Sometimes “no” is not an acceptable answer. Last week, President Obama rejected the Keystone XL pipeline, apparently dooming the 20,000 meaningful private-sector jobs the energy project would have created. House Republicans are sifting through the fragments of their smashed hopes, searching for a way to morph no into yes. It may be a long shot, but this deal is far too important to the nation to give up without a fight.

On Wednesday, Rep. Fred Upton’s House Energy and Commerce Committee is expected to question Kerri-Ann Jones, assistant secretary of state for oceans and international environment and scientific affairs, about the administration’s choice. “We want to know why this project was derailed at the 11th hour after an extensive review process and with time to spare before the president’s deadline,” the Michigan Republican said in a statement Thursday. The House had given Mr. Obama until Feb. 21 to act on the project.

Because the pipeline would cross the U.S.-Canadian border in carrying crude from Alberta’s oil sands to refineries on the Texas Gulf Coast, the project falls under purview of the State Department.
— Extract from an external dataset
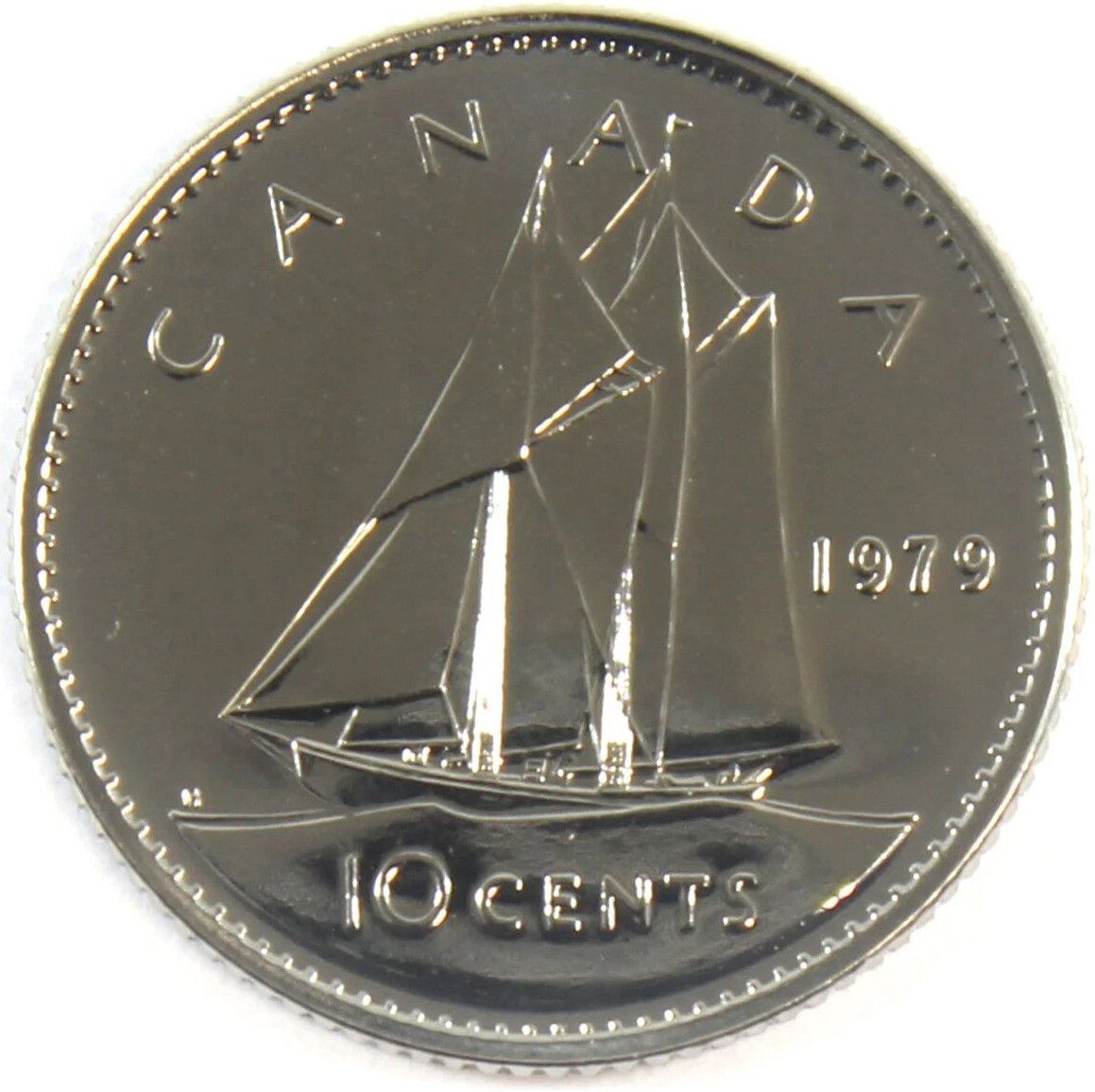 Описание: На монете изображен парусник Bluenose, канадская шхуна из Новой Шотландии, знаменитое гоночное судно и символ провинции, окруженный номиналом и надписью «CANADA».

The committee asked Secretary of State Hillary Rodham Clinton to testify, but she refused, apparently not wanting to offer Republicans a high-profile target for their rebuttal.
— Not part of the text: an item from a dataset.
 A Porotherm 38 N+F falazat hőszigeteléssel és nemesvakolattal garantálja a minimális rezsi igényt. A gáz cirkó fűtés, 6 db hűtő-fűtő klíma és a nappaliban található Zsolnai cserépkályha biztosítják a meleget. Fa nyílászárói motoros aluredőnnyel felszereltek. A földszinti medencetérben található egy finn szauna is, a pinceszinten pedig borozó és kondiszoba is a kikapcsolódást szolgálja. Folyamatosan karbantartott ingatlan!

The hearing is meant to do more than just scold the Obama administration. Republican lawmakers intend to tout their North American Energy Access Act, a bill that would remove the project from the president’s hands and place it under the authority of the independent Federal Energy Regulatory Commission. The measure is expected to find favor in the House, but the odds of it getting past the Democratic Senate and Mr. Obama’s veto pen are nil.

Washington watchers weren’t so much surprised by the White House’s decision on the pipeline as they were by the suddenness of the Jan. 18 announcement. Just one day earlier, the President’s Council on Jobs and Competitiveness had called for an “all-in approach” to energy production, including increased oil- and gas-drilling and construction of distribution pipelines. Mr. Obama’s subsequent rejection of Keystone XL apparently was intended to put to rest any notion that a large-scale conventional-energy project would be built while he occupies the White House.

There is little Republicans can do to change Mr. Obama’s no to a yes. Still, ample opportunities exist to expose his order for what it is: a payoff to left-wing supporters who style themselves as environmentalists. They’re banking on the White House to shield their expensive and pointless windmill and solar-energy projects from the competition of affordable fossil fuels like oil. As author Peter Schweizer detailed in his recent best-seller, “Throw Them All Out,” 80 percent of $20.5 billion in Energy Department loans went to Mr. Obama’s top donors.

If voters agree on Election Day that this is not the American way, Mr. Obama could be forced into an early retirement, providing a comeback for the Keystone XL pipeline and the nation’s energy independence.